# CI pans



## Steve H (Mar 31, 2020)

Hey all. For awhile now I've been watching some folks using their 8" cast iron pans for both cooking and eating from. And I have been thinking about getting a couple. More so after seeing some of Robert's 

 tx smoker
 creations.
So, fast forward to this morning while cruising around WalMart looking for ideas for dinner. I happened to go down the clearance isle. And I found a rack of Ozark Trail 8" cast iron skillets. The were on sale for 2.00 each.

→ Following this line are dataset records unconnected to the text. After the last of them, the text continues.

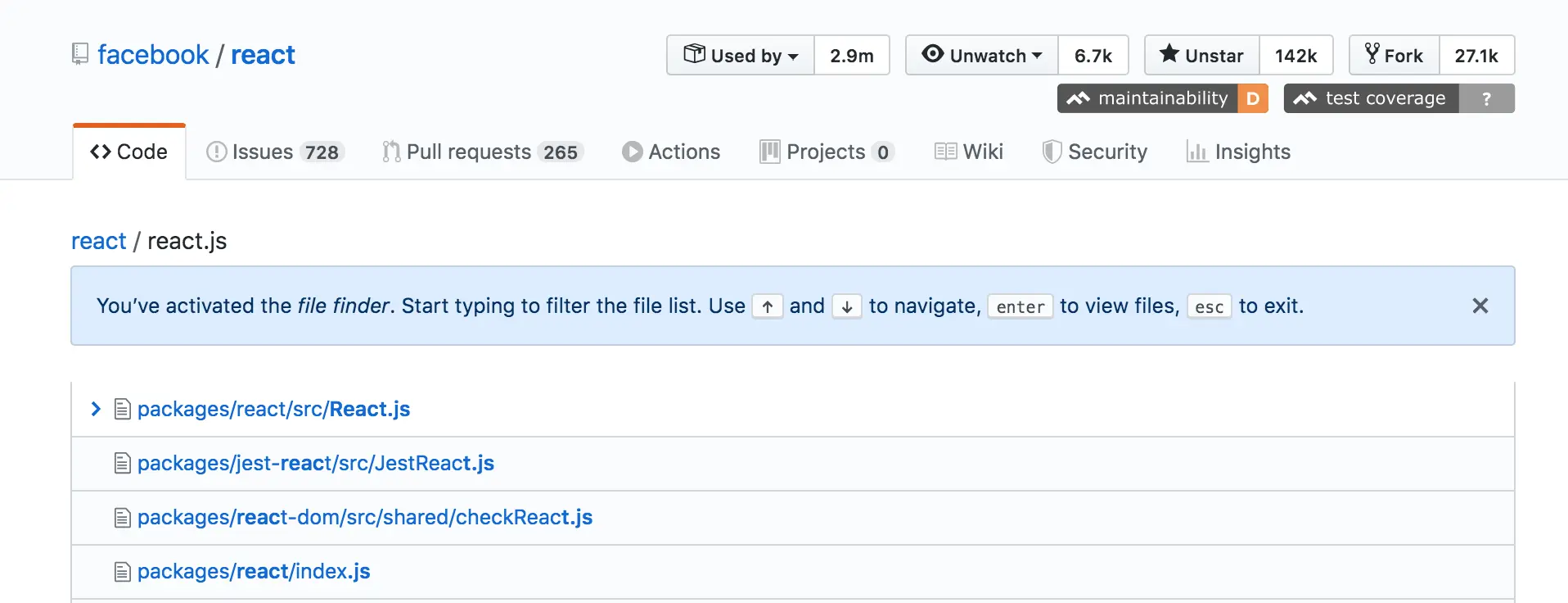 铺垫了这么久,我们终于找到了第一个要研究的对象 github.com/facebook/re… 一个小快捷键是在GitHub页面按字母T,可以打开文件搜索功能。
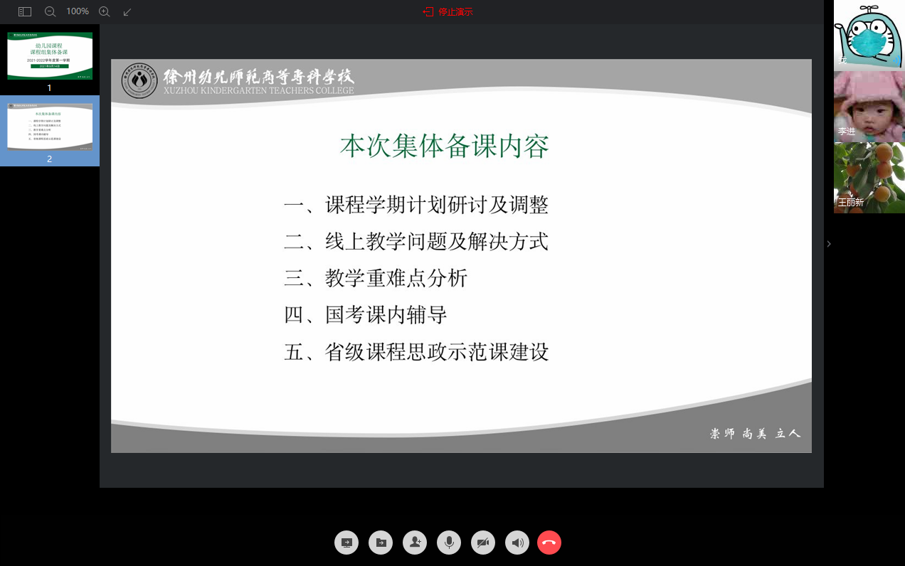 随后,孟子郁介绍了《幼儿园课程》省级课程思政示范项目的进展情况,对课程基础资料的收集、整理和调整做了分工,积极推进课程建设。王丽新教授指出课程思政元素需要多进行讨论来确定,强调理实结合。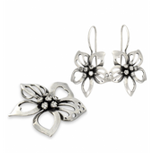 Reprezentacyjny, oksydowany zestaw biżuterii w kształcie kwiatów, stworzony z najlepszej jakości srebra o próbie 925 i ozdobiony pięknie lśniącymi cyrkoniami kunsztownie zakutymi w centralnych punktach ozdób. W skład kompletu wchodzą eleganckie kolczyki oraz okazały wisiorek. Kolczyki posiadają zapięcie typu sztywny bigiel, a zawieszkę wisiorka umieszczono na jej odwrocie. Będzie to idealny wybór dla osoby lubiącej wiosenne spacery wśród kwiatów. Obdaruj nim ukochaną osobę.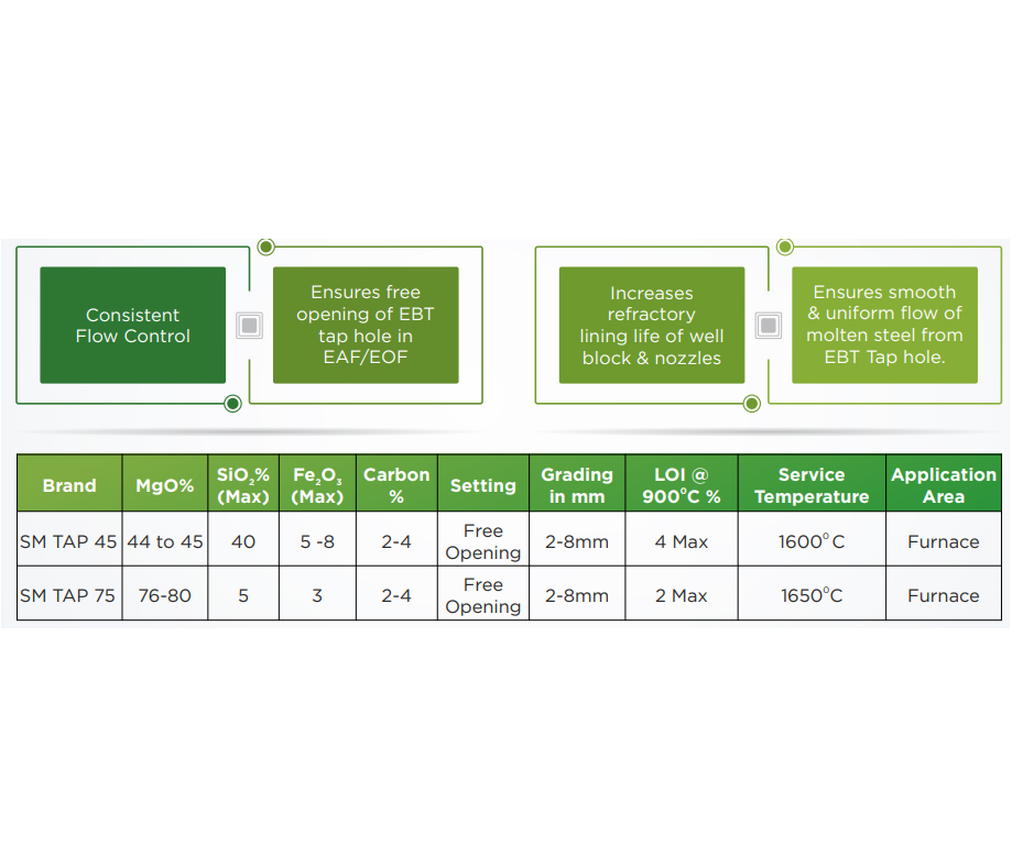 Eccentric Bottom Tapping (EBT) mass, is a type of refractory material specifically formulated for use in the tap hole area of steelmaking ladles equipped with Eccentric Bottom Tapping systems. The EBT system is a modern technology used to facilitate controlled and efficient tapping of liquid steel from the ladle. The tap hole in a steelmaking ladle is a critical point where molten steel is released for further processing. EBT mass is designed to withstand the extreme conditions encountered in this area, including high temperatures, rapid temperature changes, and the erosive and corrosive effects of molten steel and slag. .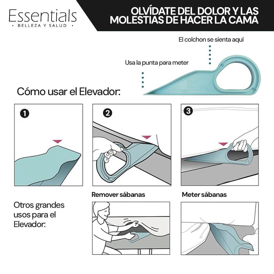 Función principal: Facilita tender la cama sin esfuerzo ni dolor, ideal para personas con problemas de espalda y articulaciones en las manos.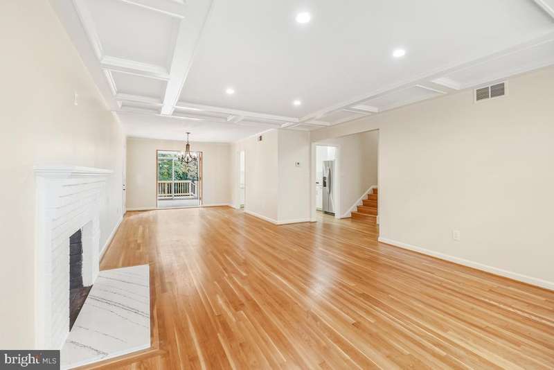 Renovated from top to bottom, this 4-level split home offers almost 3400 sf of living space and a very flexible floorplan! The gracious foyer leads to a massive LR with a gorgeous coffered ceiling and a wood-burning FP! The DR opens to a glass-enclosed sunroom with a cathedral ceiling and terrific view of the treed backyard. The sunroom in turn leads to a new deck and patio, and the flow of the main level makes entertaining a breeze! There are 3 spacious BR's upstairs, 2 new baths, and gorgeous hardwood floors on 2 levels! Lower level one includes a FR, new 3rd bath, bar area, and an over-sized garage with lots of storage. The 4th level includes a BR, a den plus an additional rec room with a separate entrance! The possibilities are endless (in-law suite, home office, and more!) Other features include a new 2-zone HVAC system, newer roof, and a renovated kitchen with gorgeous SS appliances, quartz countertops and undermount lighting! All of these upgrades and today's lower interest rates make this home an unbeatable value in today's market!

Seemed like a good deal to me! This pic is after I seasoned them twice. This weekend I'm thinking about putting them to use.


----------



## TNJAKE (Mar 31, 2020)

Nice score


----------



## tx smoker (Mar 31, 2020)

Steve H said:


> The were on sale for 2.00 each.



That's a screaming deal!! Congrats on the great find. I'm gonna be doing something totally different and completely off the wall this evening in mine. Be on the lookout for some insane Italian food being posted tomorrow...and yet another idea for using these things. They are so versatile. There's just thousands of meals you can do. You're only limited by your imagination. If you're planning to use them on the grill I'd highly recommend getting a pizza dome. Makes cooking stuff WAY more efficient.

Robert


----------



## Will Squared (Mar 31, 2020)

Sweet deal !


----------



## SmokinVOLfan (Mar 31, 2020)

Damn Steve $2 a pan? What a steal! I need to get some of the small ones myself.


----------



## Steve H (Mar 31, 2020)

I'll be looking Robert! I'm sure it'll be interesting to say the least. I know, 

 SmokinVOLfan
 ! That was a darn good deal. Not really sure why though. They also had 10" CI pans for 4.50 each.


----------



## xray (Mar 31, 2020)

$2 a pan! Holy cow that’s a good price! You should have bought them out.


----------



## Steve H (Mar 31, 2020)

No, let others enjoy the deal. Two is plenty for me.


----------



## xray (Mar 31, 2020)

True.

Was there a lot of them on clearance? Didn’t even know Walmart had a clearance section. I’ll have to see if my local one has one.


----------



## Steve H (Mar 31, 2020)

There were about 10 of these. Maybe more of the 10" Our Walmart  has clearance aisles in different areas in the store for different items.


----------



## sawhorseray (Mar 31, 2020)

Nice score Steve, I just had two delivered for $10 apiece, Cabelas points so actually free. RAY


----------



## Winterrider (Mar 31, 2020)

" Thief "  Lol
Nice score !


----------



## 6GRILLZNTN (Mar 31, 2020)

Nice find Steve!

Dave


----------



## Steve H (Mar 31, 2020)

Winterrider said:


> " Thief "  Lol
> Nice score !



Almost felt like one too!!;)


----------



## HalfSmoked (Mar 31, 2020)

Dang Steve are you Irish I mean that's the luck of the Irish. Nice find now lets see your crations.

Warren


----------



## gary s (Mar 31, 2020)

Nice Find

Gary


----------



## Steve H (Mar 31, 2020)

HalfSmoked said:


> Dang Steve are you Irish I mean that's the luck of the Irish. Nice find now lets see your crations.
> 
> Warren



1/2 Irish. Even a blind squirrel finds a nut once in awhile!


----------



## Blues1 (Mar 31, 2020)

Can't go wrong for $4.00!


----------



## Steve H (Mar 31, 2020)

Blues1 said:


> Can't go wrong for $4.00!



True dat Steve!


----------



## Brokenhandle (Mar 31, 2020)

Nice grab steve! Looking forward to seeing you put them to use

Ryan


----------



## civilsmoker (Mar 31, 2020)

Total Score!

CI are a must have item!  We have a huge selection of them here.....many were $0.0 aka free to get that rust bucket out of the garage.....20 mins after getting them home they are nice shiny polished and going in heat for a season!!!


----------